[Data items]
###

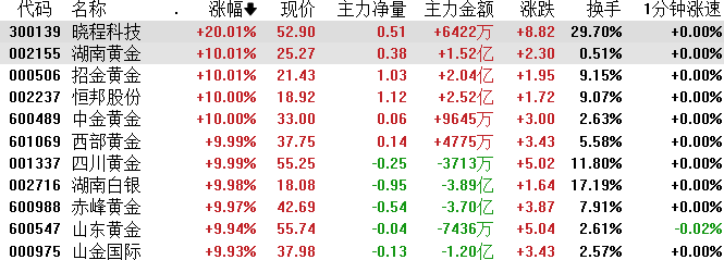板块上,贵金属全线爆发,湖南黄金、四川黄金、白银有色、、招金黄金等多股涨停。消息面上,现货黄金首次突破5000美元/盎司。上期所沪银主力合约触及涨停,报28226元/千克,现涨幅为17.0%。
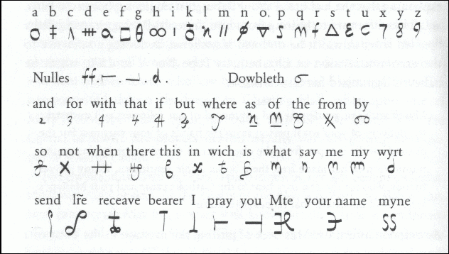 이건 새로운 언어를 만드라는 말이 아닙니다. 새로운 모양을 만들어서 그 모양의 한글 또는 영어를 지정해주는 겁니다. 또는 다음과 같은 스코틀랜드 여왕 메리가 사용했던 코드표를 이용해도 됩니다.
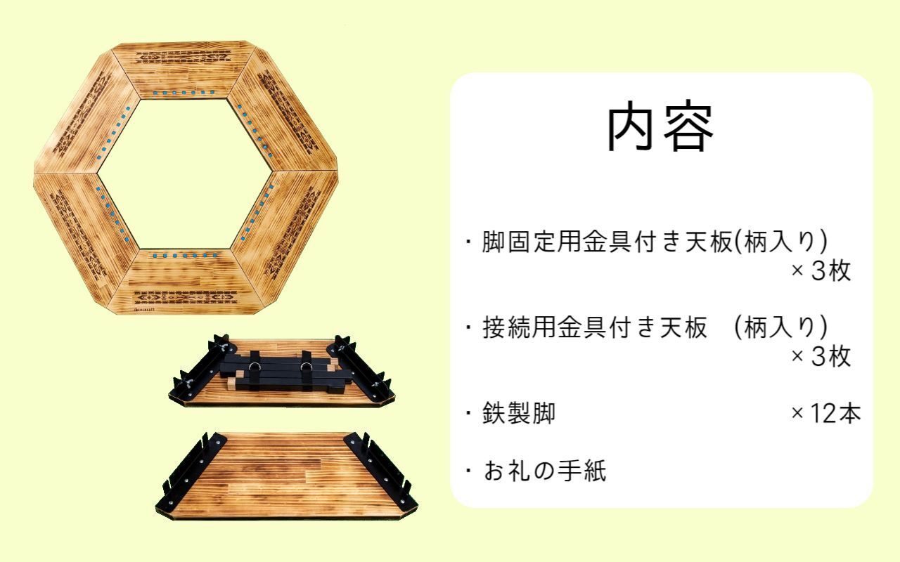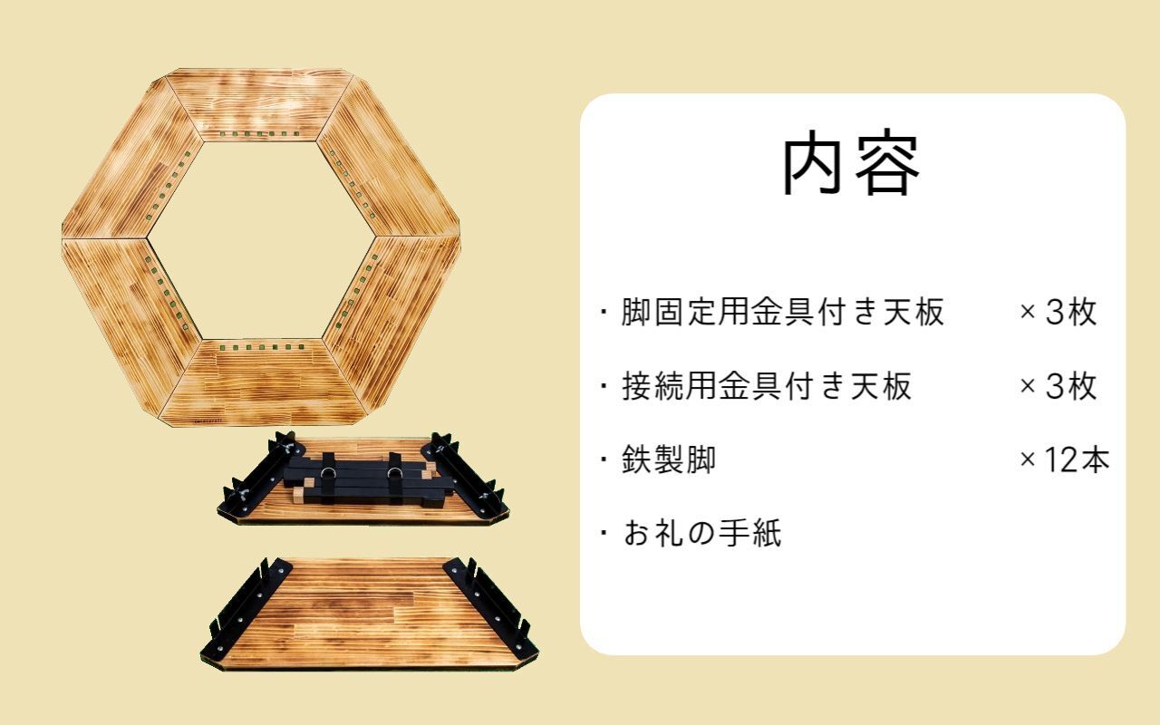 「鉄のプロ」×「木の匠」×「ガラスのクラフト作家」 が作るオリジナルヘキサテーブルと焚き火台です。
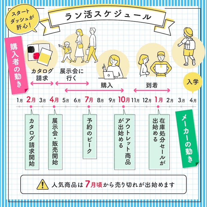 4月になると各ブランドが新作を発表し、展示会が開かれます。このあたりで百貨店や展示会に足を運び、実際に背負ってフィット感を確かめてみましょう。そして7月頃には予約のピークを迎え、人気商品に売り切れが出始めるので、4〜7月の間にランドセルを決めて購入するのがおすすめです。
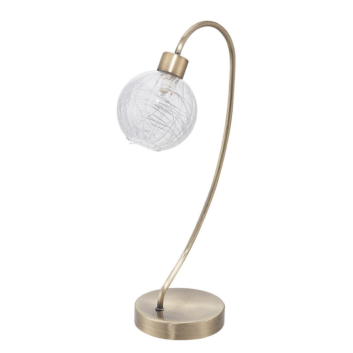 Lámpara de sobremesa con diseño elegante y moderno, ideal para decorar mesas de noche, escritorios o mesitas de centro. Fabricada en metal dorado y vidrio transparente con efecto de hilos internos, aporta un toque sofisticado a cualquier espacio. Perfecta para ambientes con estilo industrial o escandinavo.
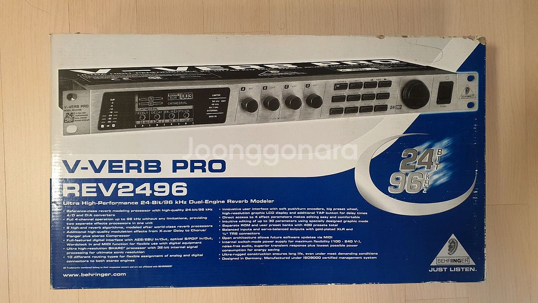 베링거 리버브 rev2496 팝니다. 단종된지 오래된 모델이지만, 리버브 1티어인 렉시콘 사의 리버브 엔진을 모방해서 만들었다는 썰이 돌았었고, 그래서 소송 문제 때문에 단종이 빨리 되었던 모델로 알고 있습니다. 성능은 렉시콘 리버브와 견줄만하다고 평이 많습니다. (해외 사용자들 평가) 유튜브에도 rev2496 이라고 검색하면 해외 사용자의 리뷰 영상이 있습니다. 듀얼 엔진이라서 리버브 효과 2가지를 동시에 넣을 수 있는걸로 알고 있습니다. 제품은 박스 입구 부분만 한 번 열었다가 다시 닫아놓은 상태입니다. 당연히 미사용 새제품이구요. (박스 상태는 좋지 않지만) 현재 단종되어서 새제품 못구하는 상태이며 쇼핑몰에도 전부 품절로 되어있습니다. ---------------------------------------- 하이파이 환경에서 잔향의 느낌을 추가하기 위해 앰프 이 모델, 저 모델 바꿈질하고, 스피커 이 모델, 저 모델 바꿈질 하는 방법보다 리버브 기기를 사용하면 훨씬 쉽게 잔향 느낌을 추가할 수 있다는 글을 어디서 읽고 언젠가 사용하리라 생각하고 예전에 구입해놓았던 기기입니다. ---------------------------------------- 안심결제도 가능하며, 안심결제 시에는 수수료만큼(1%인 4,400원) 추가로 받고자 합니다. 채팅 먼저 주세요. 깔끔한 거래 원합니다. 감사합니다.
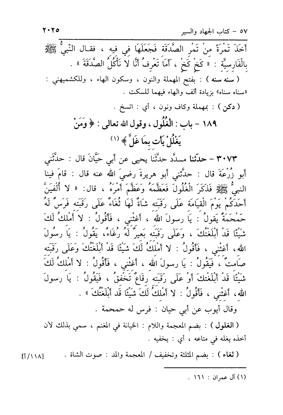 189 - بَابُ الغُلُولِ، وَقَوْلِ اللَّهِ تَعَالَى: {وَمَنْ يَغْلُلْ يَأْتِ بِمَا غَلَّ} [آل عمران: 161]
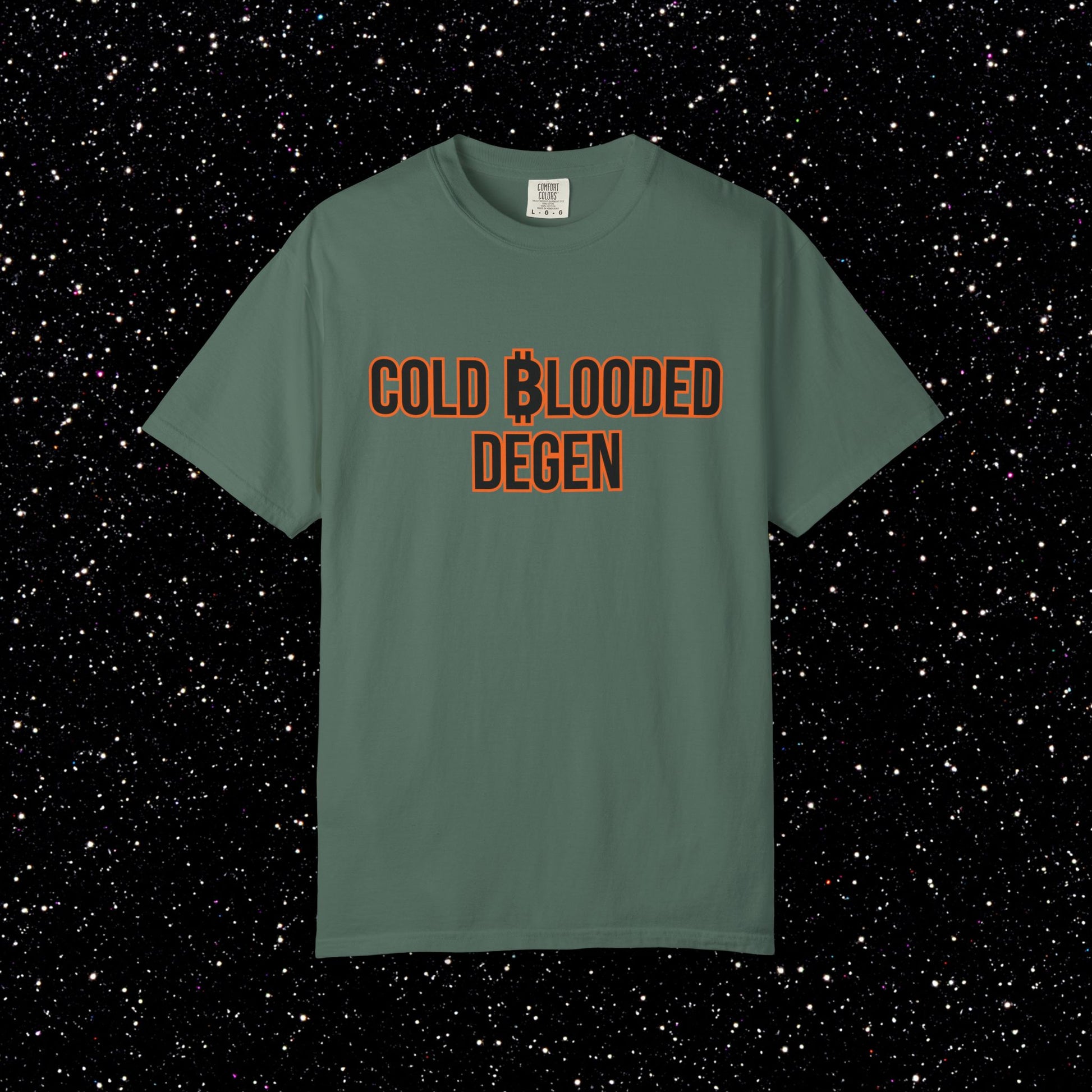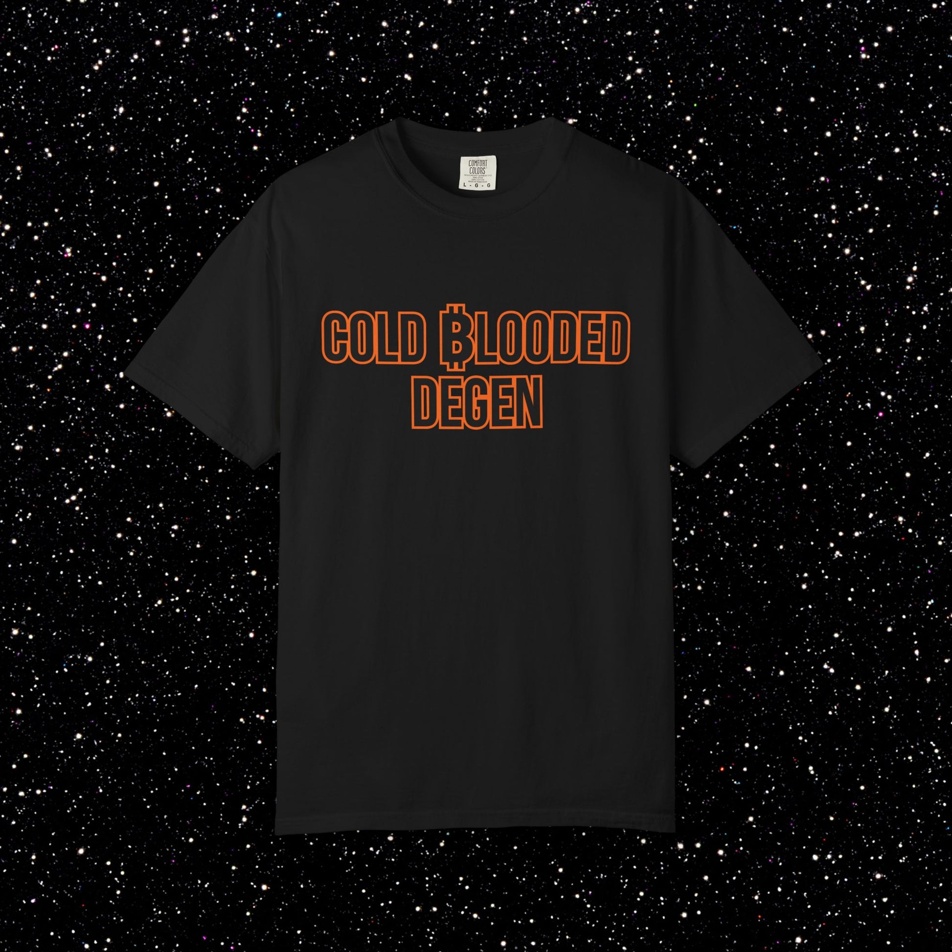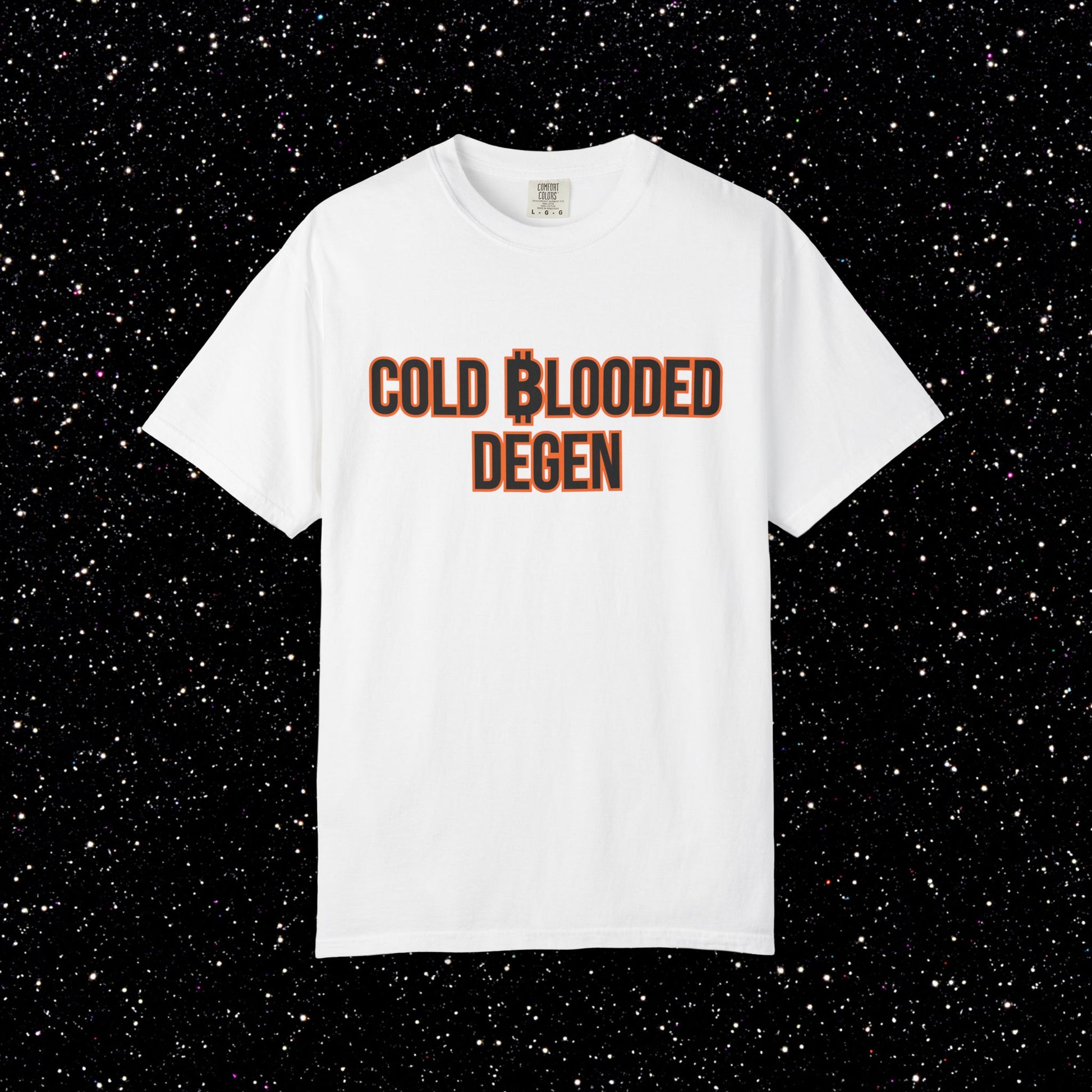 For the psychos who stay icy when the charts get spicy. The Cold Blooded Degen tee is built for anyone who keeps their composure through liquidation cascades, fakeouts, midnight wicks, and full-send moments.

###

• **INSTRUCTIONS FOR THE TASK**: The required answer is the lines from the one that contains "189 - بَابُ" through the last line of the records, restated word for word, with every picture dropped.

• **EXERCISE RESULT**:
 189 - بَابُ الغُلُولِ، وَقَوْلِ اللَّهِ تَعَالَى: {وَمَنْ يَغْلُلْ يَأْتِ بِمَا غَلَّ} [آل عمران: 161]
 For the psychos who stay icy when the charts get spicy. The Cold Blooded Degen tee is built for anyone who keeps their composure through liquidation cascades, fakeouts, midnight wicks, and full-send moments.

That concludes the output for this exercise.